Secondly, COVID-19 has prompted a huge increase in regulation and red tape, from personal protective equipment (PPE) to rules around social distancing (not to mention the further equipment required to enforce it). Being part of a group with centralised policy and teams dedicated to implementing government guidelines would save many practices a huge workload that they would otherwise have to take on themselves.
Being part of a centralised group during COVID-19 will also have enabled many to adjust quickly and more efficiently to the forced streamlining of booking systems and services as well as updating their practice management technology. A large group will have these things ready to roll out to any newly acquired surgeries, again, sparing them a time-consuming workload.
Is there room for new acquisitive players?
According to a recent estimate, the veterinary sector’s four biggest groups, IVC Evidensia, Mars Petcare, CVS Group and VetPartners own around 72 per cent of vet practices in the UK. This may seem like a huge market share, one that would potentially debilitate new players breaking in, but there are important considerations.

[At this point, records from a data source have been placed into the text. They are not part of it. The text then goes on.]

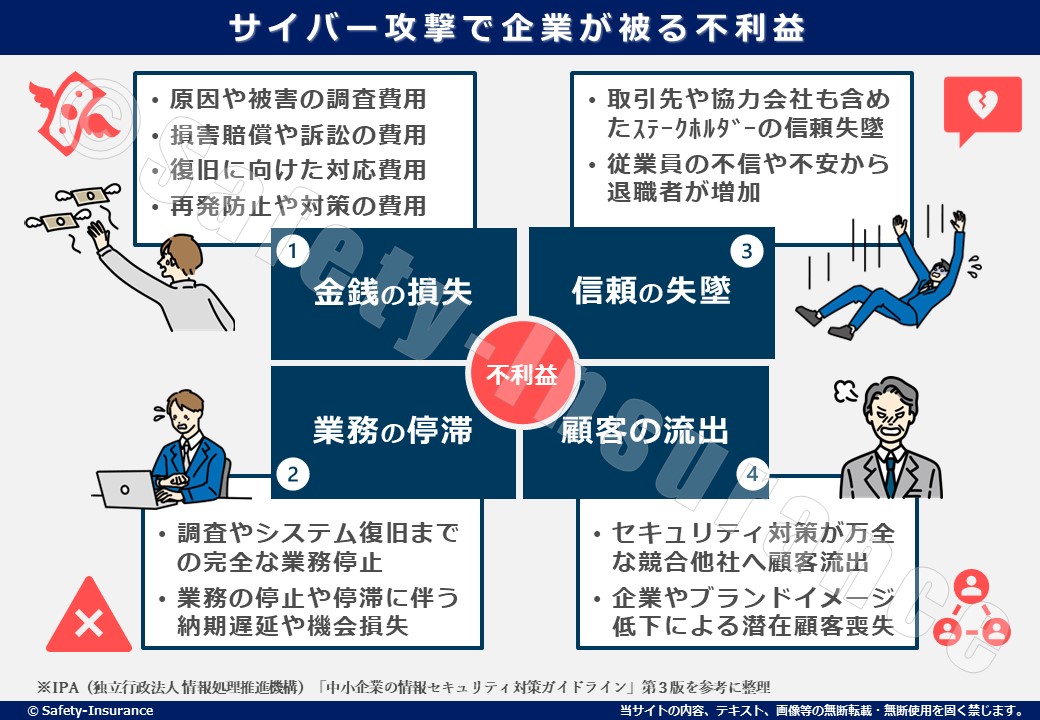 特に「金銭の損失」はサイバー事故の内容によっては数百万あるいは数千万円の損害が発生する可能性があり、経営にとって大きなダメージとなります。また、他の不利益も同時に発生するため、会社の存続が危ぶまれる事態になりかねません。
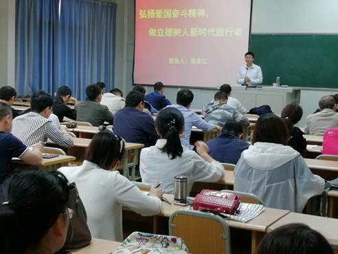 张校长强调,作为高校教师,爱岗敬业就是最好的爱党爱国。我们要认真做好教学科研,对每个学生负责,做学生的知心人、热心人、引路人。把习近平新时代中国特色社会主义思想贯穿到具体行动上,开创立德树人工作新局面,培养出又红又专、德才兼备、全面发展,可以担当民族复兴大任的时代新人。
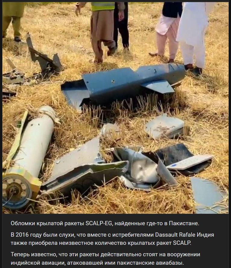 Zdroj https://vk.com/wall-123538639_4570791 z 11.05.2025V roku 2016 sa objavili fámy, že spolu s lietadlami Dassault Rafale získala India aj neznámy počet riadených striel SCALP.
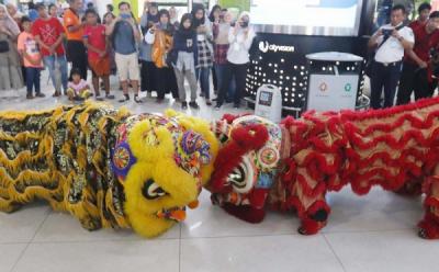 Aksi Barongsai di Stasiun Gambir
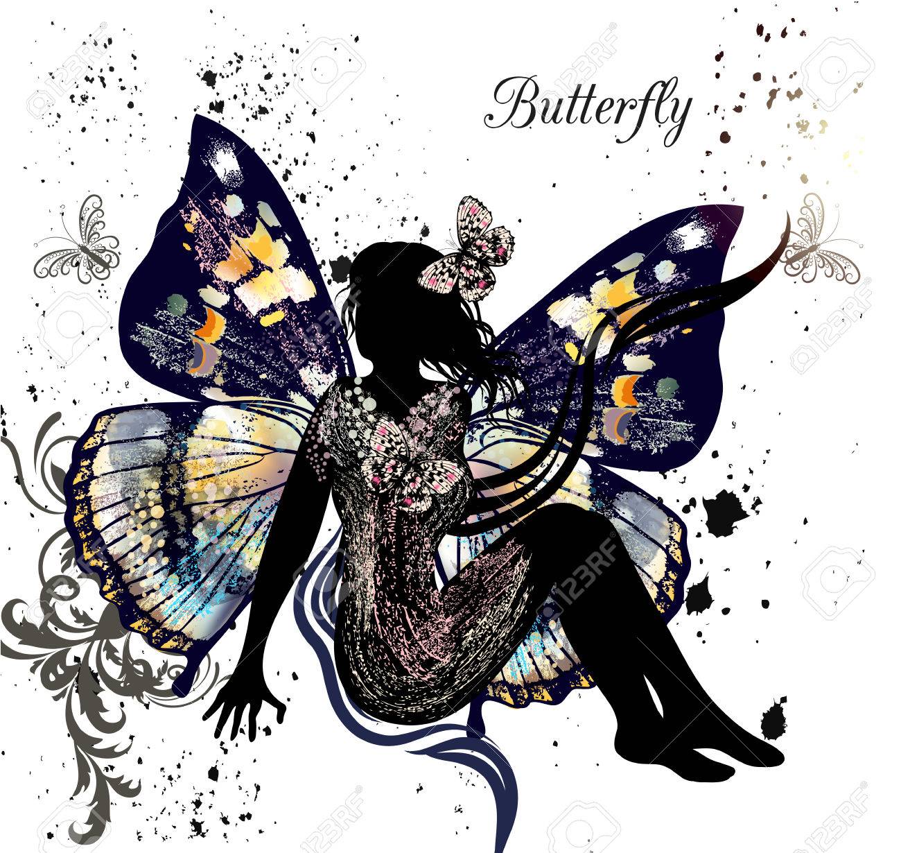 Schönes Mädchen Silhouette Mit Schmetterling Lizenzfrei Nutzbare Vektorgrafiken, Clip Arts, Illustrationen. Image 12356778.
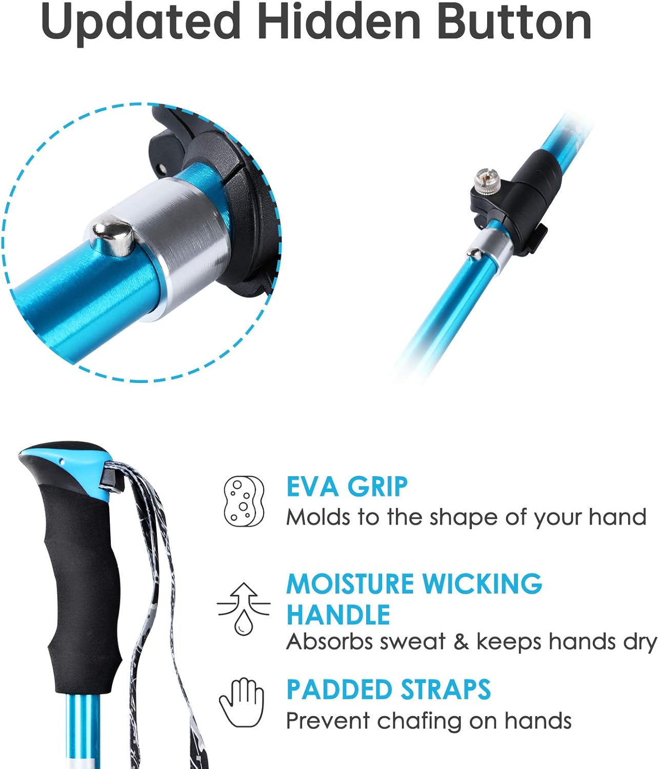 - FOLDABLE AND DOUBLE LOCKING:YOVITAL Walking Sticks Collapsible Hiking have an easy to folding system. You can extend your trekking poles from 43" all the way to 53" quickly. Note: Please be careful not to exceed STOP line. When not in use, trekking poles can be folded to 11" to be stored within your backpack. Trekking poles have a hand tightener and a hidden button for double locking.

Firstly, consolidation has been a trend within the veterinary sector since 1999, when a law barring company ownership of veterinary surgeries was overturned. Secondly, both IVC and VetPartners are major players that have emerged well within the last ten years. These factors go to show that consolidation has happened at a steady pace and that new groups have been able to achieve significant growth.

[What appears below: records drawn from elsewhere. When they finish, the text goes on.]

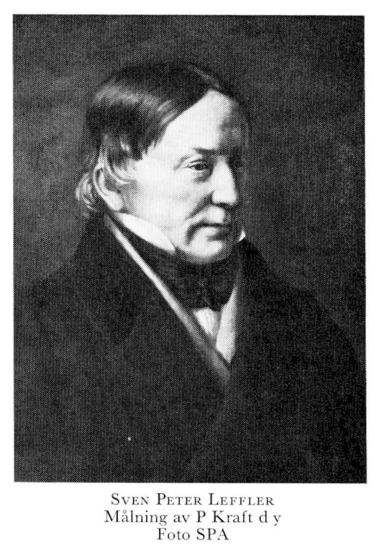 1 Leffler, Sven Peter, f 7 juni 1776 i Gbg, Domk, d 11 okt 1850 i Uppsala. Föräldrar: stadsmäklaren o skeppsklareraren Johan Håkan L o Elisabeth Kullman. Studier vid herrnhutiska skolan i Christiansfeld, Slesvig, 84—89, inskr vid LU 17 juni 89, disputerade pro exercitio där 12 november 91, inskr vid UU 6 okt 92, MD där 12 juni 97, studier i Khvn 97—98, medarb i Correspondenten, Uppsala, från 30, dess utgivare från 28 dec 32, deläg i Akad tryckeriet från 36. Skriftställare.
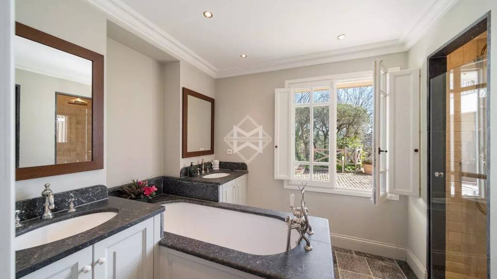 Direkt am alten Dorfkern von Mougins gelegen bietet diese prachtvolle Immobilie von ca. 360 m², verteilt auf zwei Ebenen, einen seltenen Lebensraum, der großzügige Räume, Komfort und spektakuläre Blicke auf die Bucht von Cannes, die Alpen und den Kirchturm des Dorfes vereint.
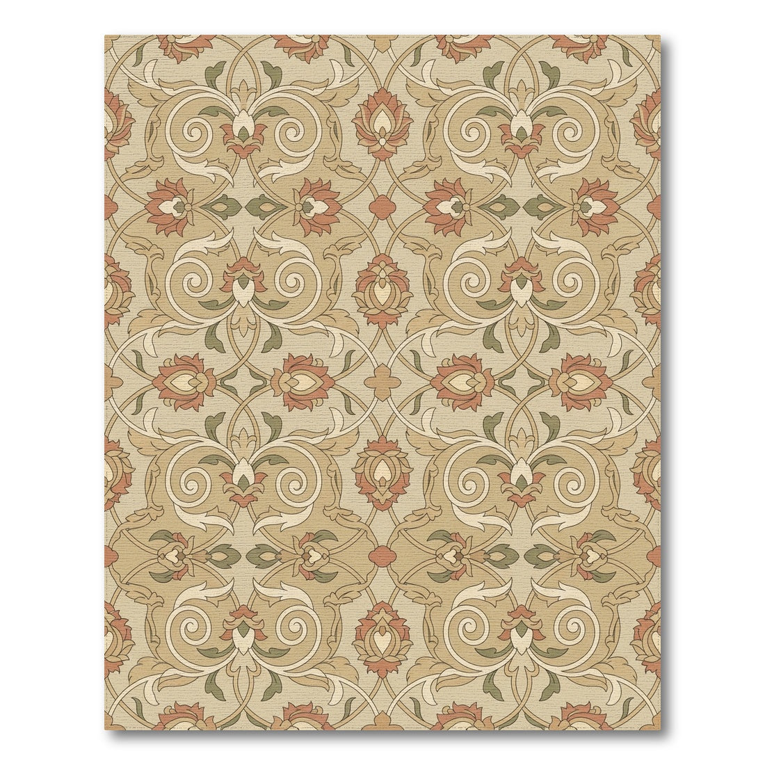 Flatwoven High Traffic Area Rug, Earthy Floral Arabesque Scroll Rug, Non Slip, Stain Resistant, Washable Area Rugs for Living Room, Bedroom Overview:
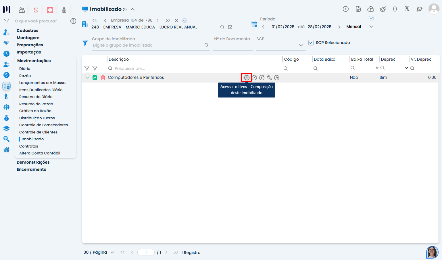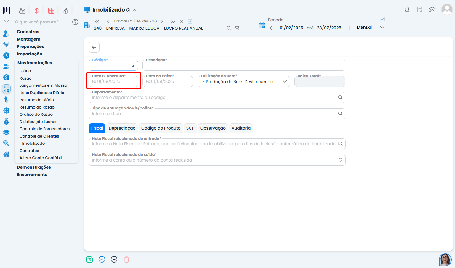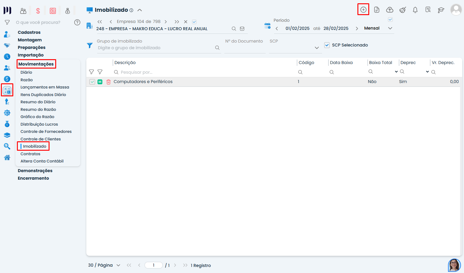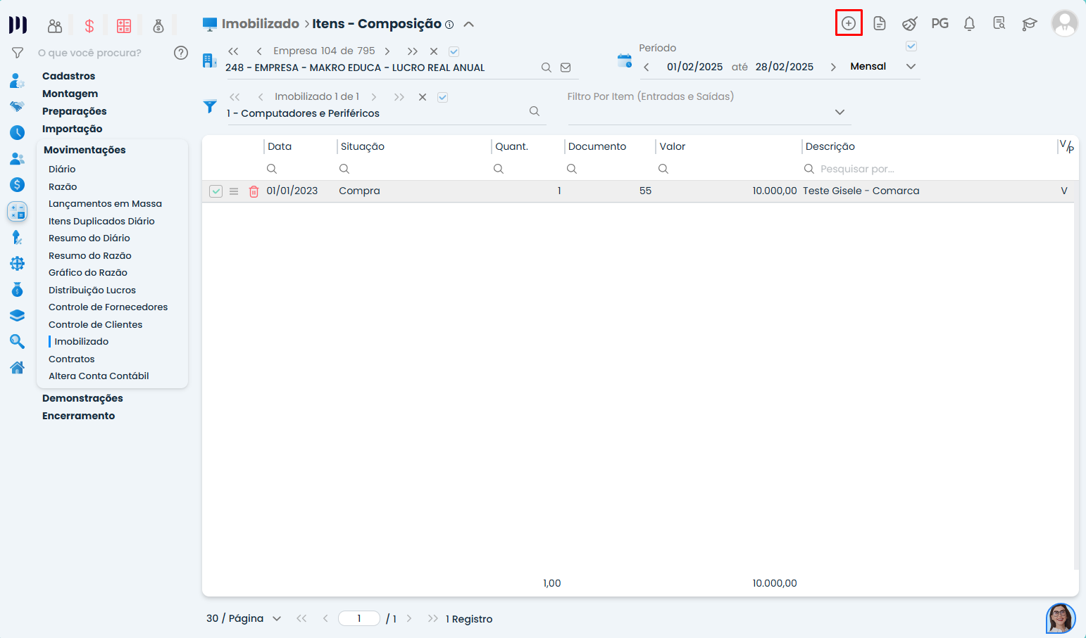Acesse Contábil > Movimentações > Imobilizado > Incluir

What’s more, with developments in the sector closely reflecting similar trends that have already occurred in the USA, it is important to point out that there are several mid-sized groups performing well in the US veterinary sector, such as VetCor, Pathway Vet Alliance and National Veterinary Associates (NVA).
The case of VetPartners CEO Jo Malone perhaps best illustrates the opportunities in the veterinary sector for enterprising parties who pursue growth through acquisition. Just five years ago, Malone was a partner and joint-manager at a small, independent practice in York.
Unwilling to sell the York practice to a bigger chain, Malone and some of her fellow partners formed VetPartners, quickly joining forces with August Equity and moving to acquire further practices in Newcastle and Lincoln.
Three years later, August Equity sold the group to BC Partners for £720 million, the biggest ever deal in the UK veterinary sector. With five years of solid acquisitions under VetPartners’ belt, Malone is now listed at Companies House as the director of 120 businesses.
The rapid rise of Malone and VetPartners goes to show that a company that combines a passion for veterinary care with a solid, acquisition-based business model and the necessary funding from a trustworthy partner can perform exceptionally well in the sector, despite the seeming dominance of pre-established market players.
Furthermore, with independent practices still making up the vast majority of veterinary surgeries in mainland Europe, the scope for groups that gain a foothold in the UK to expand internationally seems to be extremely promising.
Becoming an acquisitive force in the veterinary sector may require a little more than the pure business acumen that is required to succeed in other industries (although you’ll need that business savvy too, of course).
But, for parties that are able to wield the right combination of veterinary experience and business nous, and that have the seed capital or backing to set their plans in motion, entering the sector could prove highly lucrative.
Furthermore, the exceptional circumstances of COVID-19 may have prompted even some of the most proudly independent surgeries to consider whether they would be more secure as part of a group.